▶ **Task objective**
Write out each record exactly as given, but do not include the pictures.

▶ **Given data**
########################################

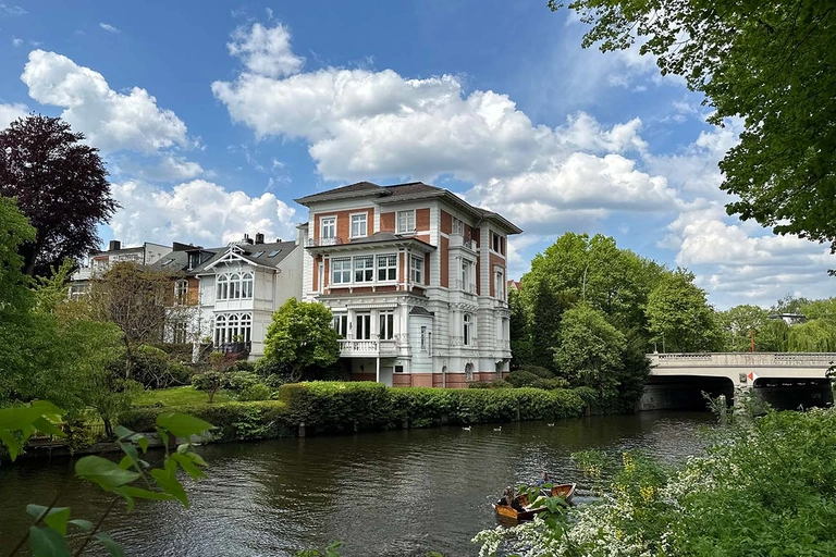 Láttu þig dreyma við Alsterskurðina sem eru umkringd hvítum villum, og njóttu stórfenglegs útsýnis yfir skylínu Hamborgar, þar sem Alster gosbrunnurinn og Elbphilharmonie tónlistarhöllin skera sig úr. Þessi þriggja tíma leiðsögn er bæði afslappandi og fræðandi, full af skemmtilegum sögum og húmor.
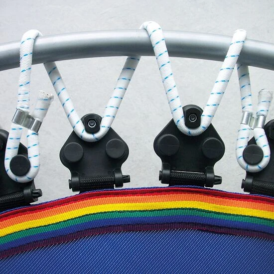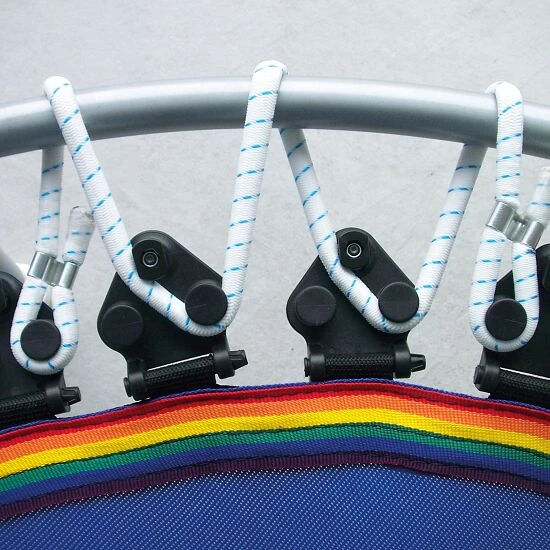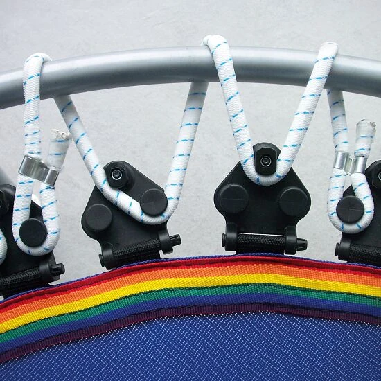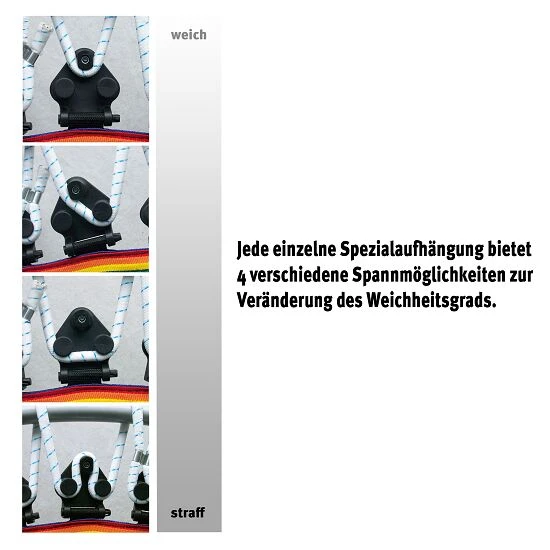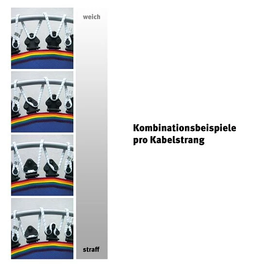 Die Rebounder mit dem Vario-System sind mit Spezialaufhängungen mit 4 Spannmöglichkeiten zur Veränderung des Weichheitsgrades augestattet. Sie können die Kabelführung von 2 nebeneinanderliegenden Aufhängungen beliebig variieren und kombinieren. Dadurch haben Sie 8 verschiedene Variationsmöglichkeiten pro Kabelstrang. Je mehr der 12 Kabelstränge Sie verändern, desto größer ist die Auswirkung auf die Spannung der Sprungmatte. Das Vario-System gibt es beim Trimilin Miniswing, Trimilin Swing und Trimilin Superswing. Sie haben zusätzlich die Wahl zwischen einer Ausführung mit Klappbeinen oder Schraubbeinen. Wenn Sie Ihren Rebounder nur selten abbauen, empfehlen wir Ihnen eine Ausführung mit Schraubbeinen. Wenn Sie über wenig Platz verfügen und das Mini-Trampolin nach jedem Workout abbauen, ist ein Rebounder mit Klappbeinen die optimale Wahl: Klappen Sie nach dem Training die Beine einfach ein und verstauen Sie das Trampolin platzsparend.
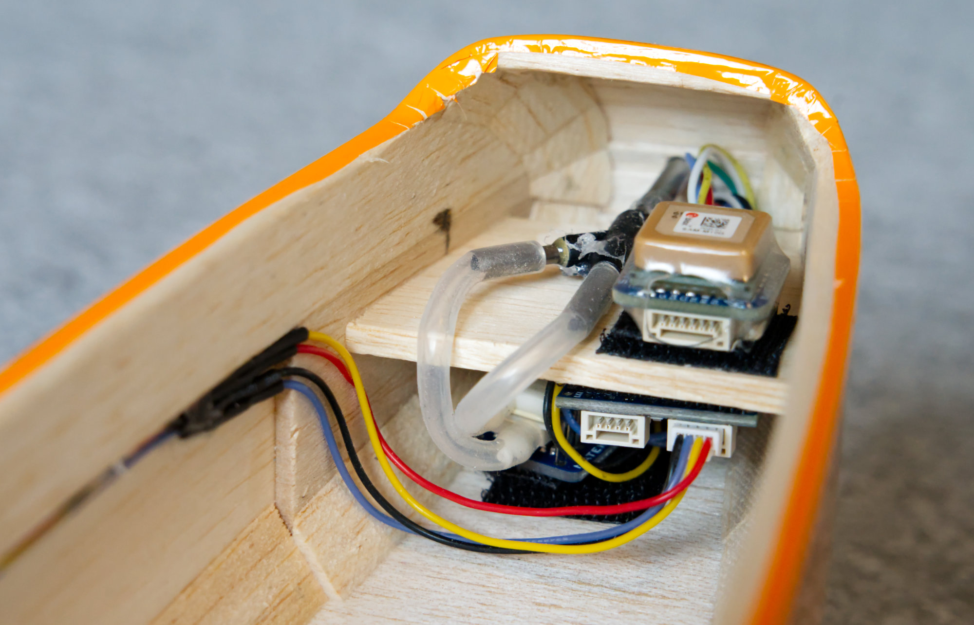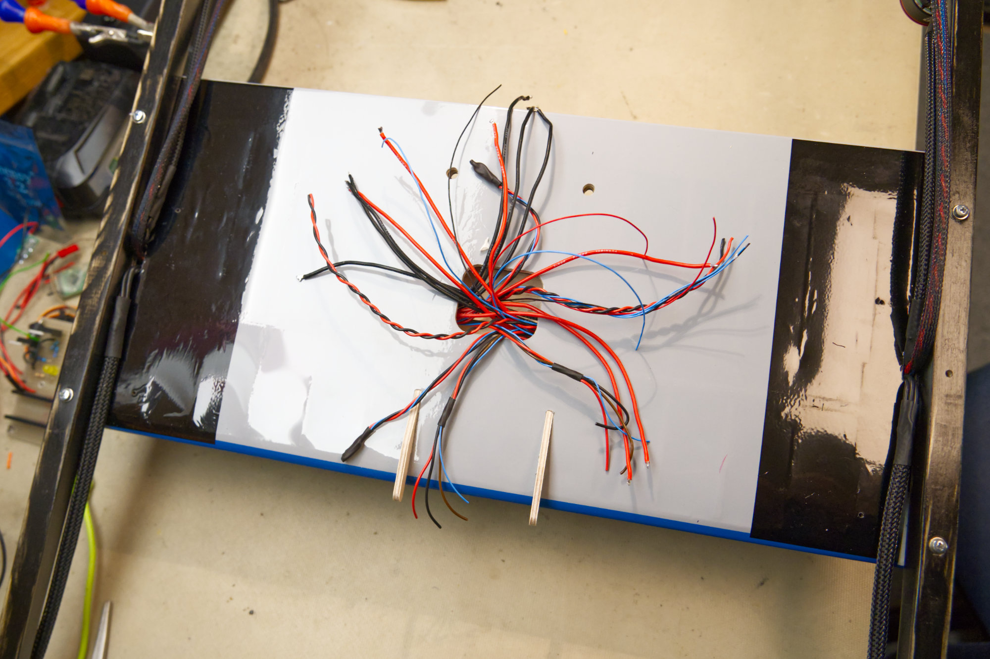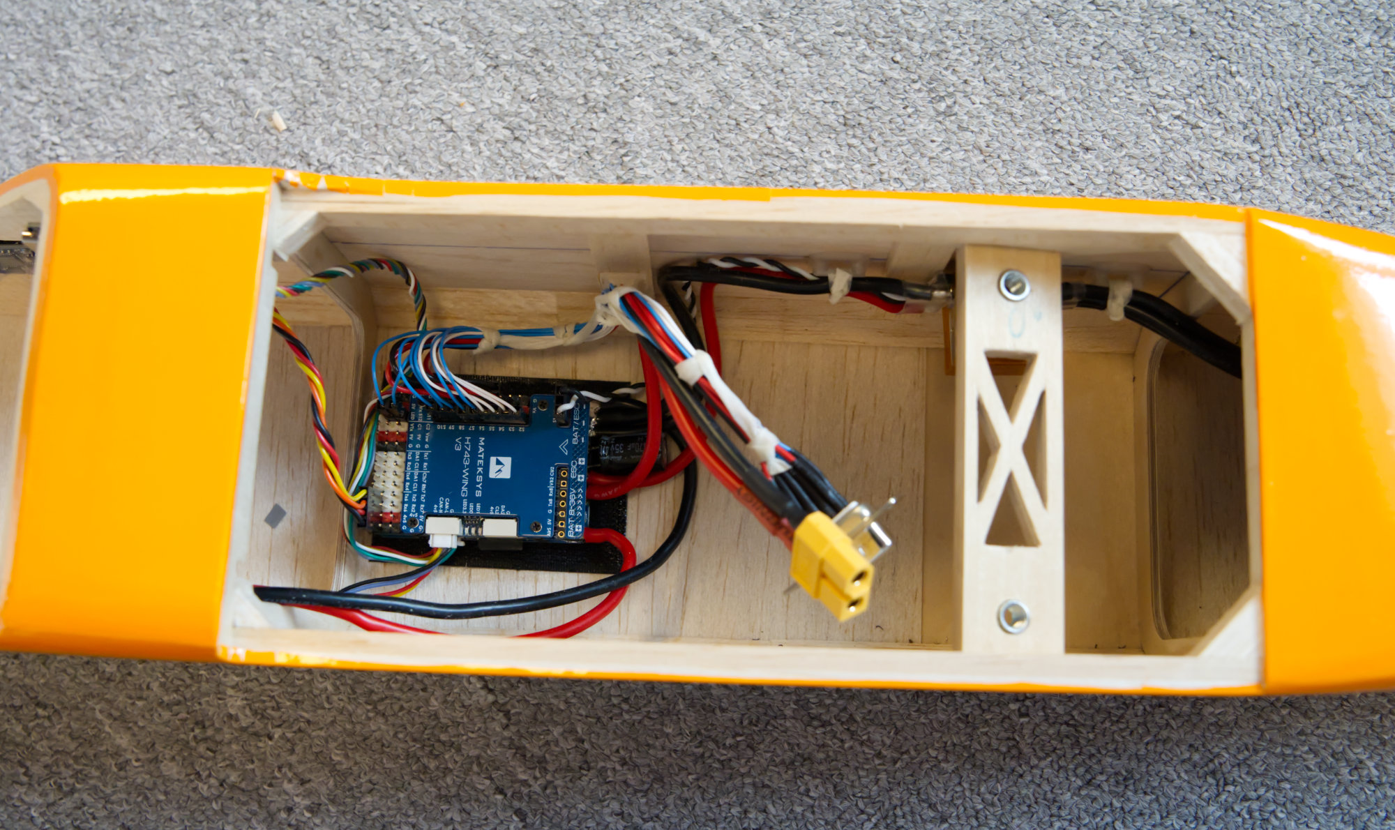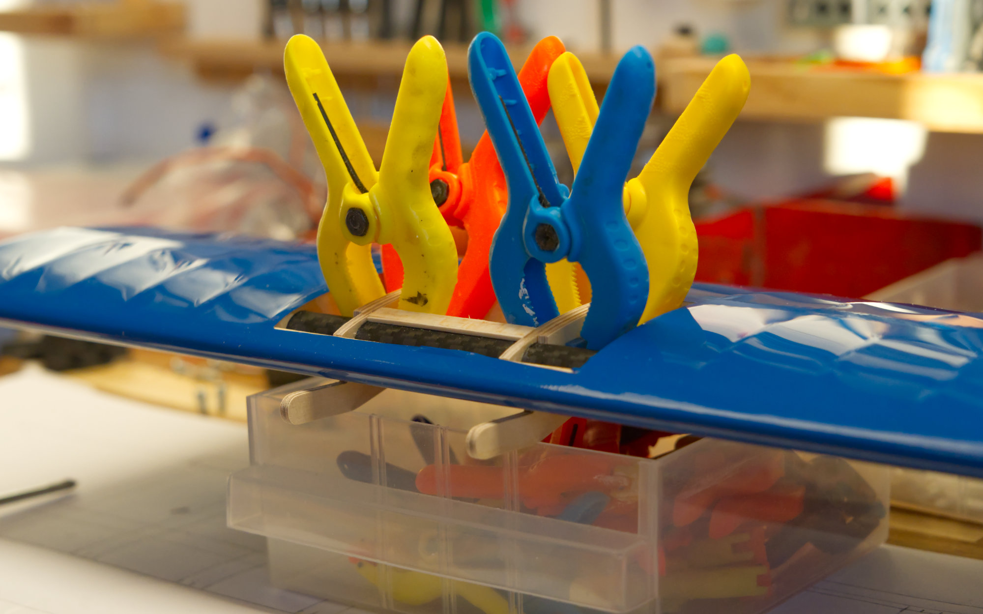 Motorspantet målade jag med svart hobbyfärg, lite för pilligt att komma åt att stryka på film där. Tyvärr gick det lite för fort, så jag glömde limma in krokarna som håller vingen på plats innan jag klädde ovansidan, så det var bara att skära upp igen och fixa. Blev ju bra ändå.
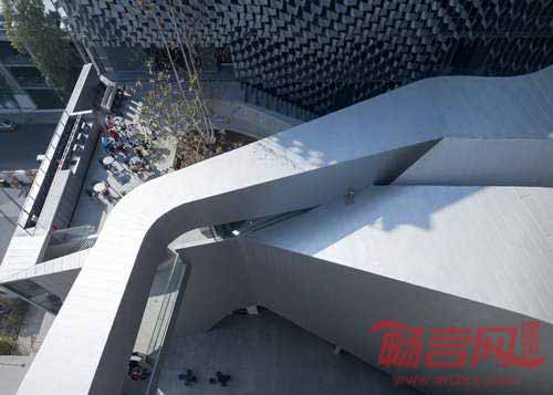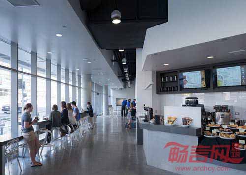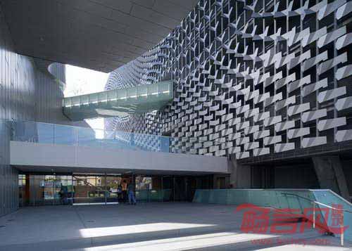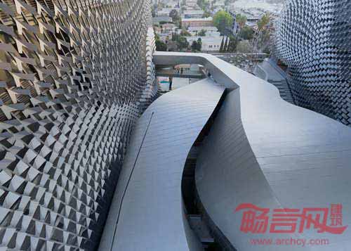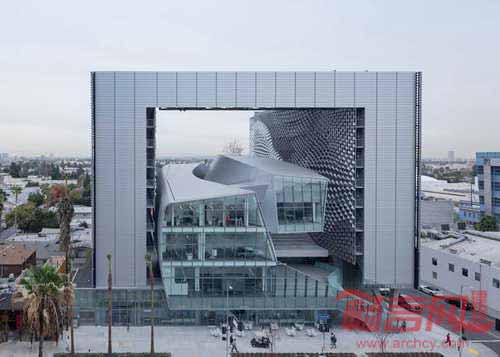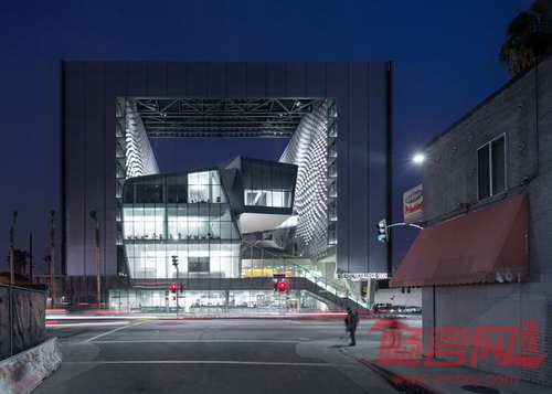 Morphosis建筑事务所为Emerson艺术学院好莱坞校区设计了一座由方形外框环绕的弧形教室群项目。项目坐落于洛杉矶日落大道娱乐产业区核心地带,Emerson学院洛杉矶分校将容纳来自波士顿创意艺术和通信学校的超过200名本科生。项目外层类似框架的结构容纳了10层学生公寓,中央的弧形结构包含教学设施和教工行政场所,其间是若干露台和天桥。设计师Thom Mayne表示,“项目设施旨在扩展教育的社会、交流功能。无论是公共空间还是可持续设计方面,我们都希望创造思维更开放宽广的社区。”项目东西外立面包含玻璃幕墙,并添加了智能遮阳系统,水平扇叶根据光线、温度和太阳角度自动调整。
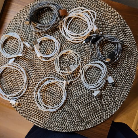 5 stk Apple ladere og ladekabler Lightning USB i ulike lengder.
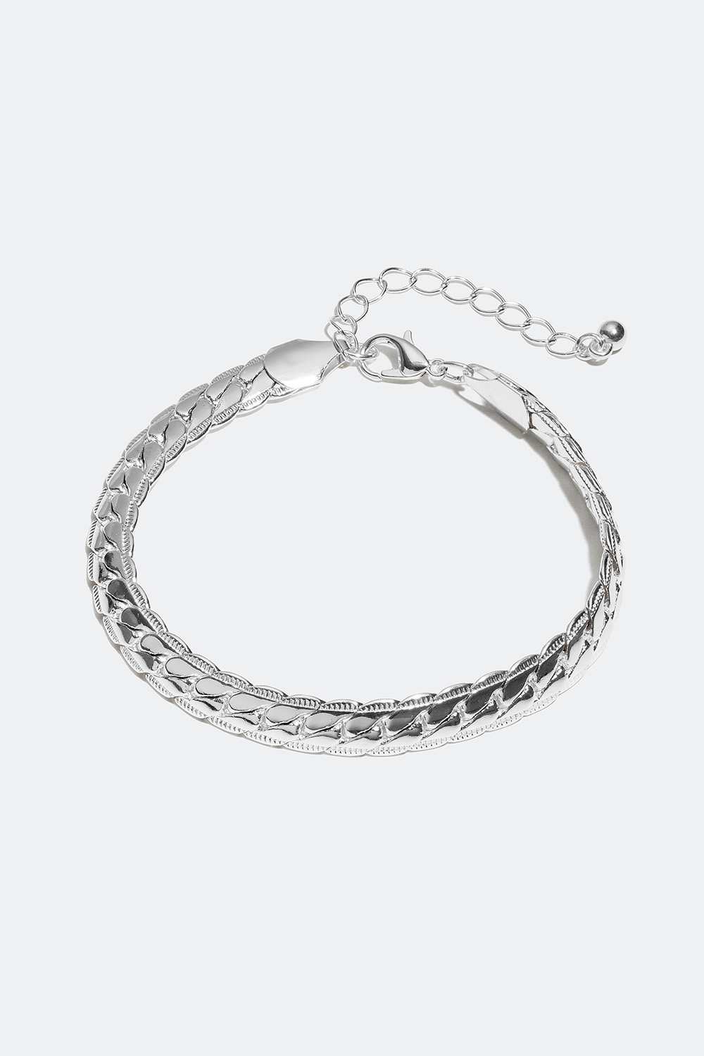 Kjedearmbånd i metall med tette og flate ledd og et mønster langs kantene. Et stilrent armbånd med et bredere design som fungerer perfekt i hverdagen. Til en festligere anledning kan det enkelt kombineres med andre armbånd.
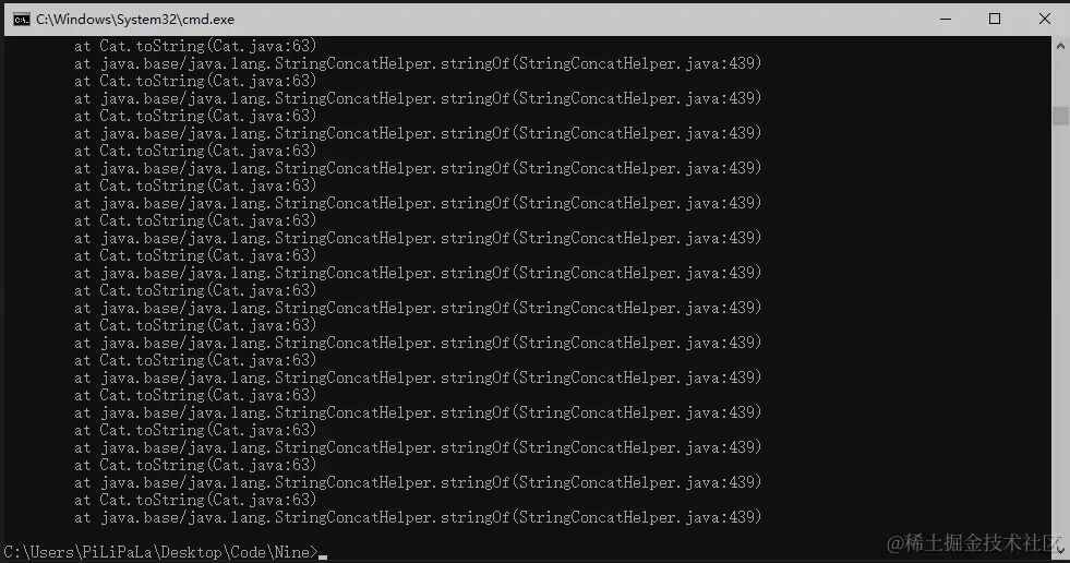 其实我们写这段代码的本意可能是在输出当前类信息的基础上在输出一个当前实例类名加哈希码(类似这种,Demo@304e94a4)但是因为我们重写了toString方法,然后我们在toString时还对本身的对象进行了输出,就导致this会继续执行toString方法。
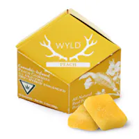 New to edibles? Wyld Peach gummies are made with a higher CBD than THC ratio, making them a great option for easing into edibles and finding your desired experience. They are made with real fruit and enhanced with a balanced terpene profile that may assist in creating a sense of ease and overall well-being. Ideal for when you need to take a break! Dosage: 100mg CBD:50mg THC per pkg, 10mg CBD:5mg THC per gummy Terpenes: Limonene, Linalool, Alpha Pinene, Beta Pinene

########################################

▶ **Response for this exercise**
 Láttu þig dreyma við Alsterskurðina sem eru umkringd hvítum villum, og njóttu stórfenglegs útsýnis yfir skylínu Hamborgar, þar sem Alster gosbrunnurinn og Elbphilharmonie tónlistarhöllin skera sig úr. Þessi þriggja tíma leiðsögn er bæði afslappandi og fræðandi, full af skemmtilegum sögum og húmor.
 Die Rebounder mit dem Vario-System sind mit Spezialaufhängungen mit 4 Spannmöglichkeiten zur Veränderung des Weichheitsgrades augestattet. Sie können die Kabelführung von 2 nebeneinanderliegenden Aufhängungen beliebig variieren und kombinieren. Dadurch haben Sie 8 verschiedene Variationsmöglichkeiten pro Kabelstrang. Je mehr der 12 Kabelstränge Sie verändern, desto größer ist die Auswirkung auf die Spannung der Sprungmatte. Das Vario-System gibt es beim Trimilin Miniswing, Trimilin Swing und Trimilin Superswing. Sie haben zusätzlich die Wahl zwischen einer Ausführung mit Klappbeinen oder Schraubbeinen. Wenn Sie Ihren Rebounder nur selten abbauen, empfehlen wir Ihnen eine Ausführung mit Schraubbeinen. Wenn Sie über wenig Platz verfügen und das Mini-Trampolin nach jedem Workout abbauen, ist ein Rebounder mit Klappbeinen die optimale Wahl: Klappen Sie nach dem Training die Beine einfach ein und verstauen Sie das Trampolin platzsparend.
 Motorspantet målade jag med svart hobbyfärg, lite för pilligt att komma åt att stryka på film där. Tyvärr gick det lite för fort, så jag glömde limma in krokarna som håller vingen på plats innan jag klädde ovansidan, så det var bara att skära upp igen och fixa. Blev ju bra ändå.
 Morphosis建筑事务所为Emerson艺术学院好莱坞校区设计了一座由方形外框环绕的弧形教室群项目。项目坐落于洛杉矶日落大道娱乐产业区核心地带,Emerson学院洛杉矶分校将容纳来自波士顿创意艺术和通信学校的超过200名本科生。项目外层类似框架的结构容纳了10层学生公寓,中央的弧形结构包含教学设施和教工行政场所,其间是若干露台和天桥。设计师Thom Mayne表示,“项目设施旨在扩展教育的社会、交流功能。无论是公共空间还是可持续设计方面,我们都希望创造思维更开放宽广的社区。”项目东西外立面包含玻璃幕墙,并添加了智能遮阳系统,水平扇叶根据光线、温度和太阳角度自动调整。
 5 stk Apple ladere og ladekabler Lightning USB i ulike lengder.
 Kjedearmbånd i metall med tette og flate ledd og et mønster langs kantene. Et stilrent armbånd med et bredere design som fungerer perfekt i hverdagen. Til en festligere anledning kan det enkelt kombineres med andre armbånd.
 其实我们写这段代码的本意可能是在输出当前类信息的基础上在输出一个当前实例类名加哈希码(类似这种,Demo@304e94a4)但是因为我们重写了toString方法,然后我们在toString时还对本身的对象进行了输出,就导致this会继续执行toString方法。
 New to edibles? Wyld Peach gummies are made with a higher CBD than THC ratio, making them a great option for easing into edibles and finding your desired experience. They are made with real fruit and enhanced with a balanced terpene profile that may assist in creating a sense of ease and overall well-being. Ideal for when you need to take a break! Dosage: 100mg CBD:50mg THC per pkg, 10mg CBD:5mg THC per gummy Terpenes: Limonene, Linalool, Alpha Pinene, Beta Pinene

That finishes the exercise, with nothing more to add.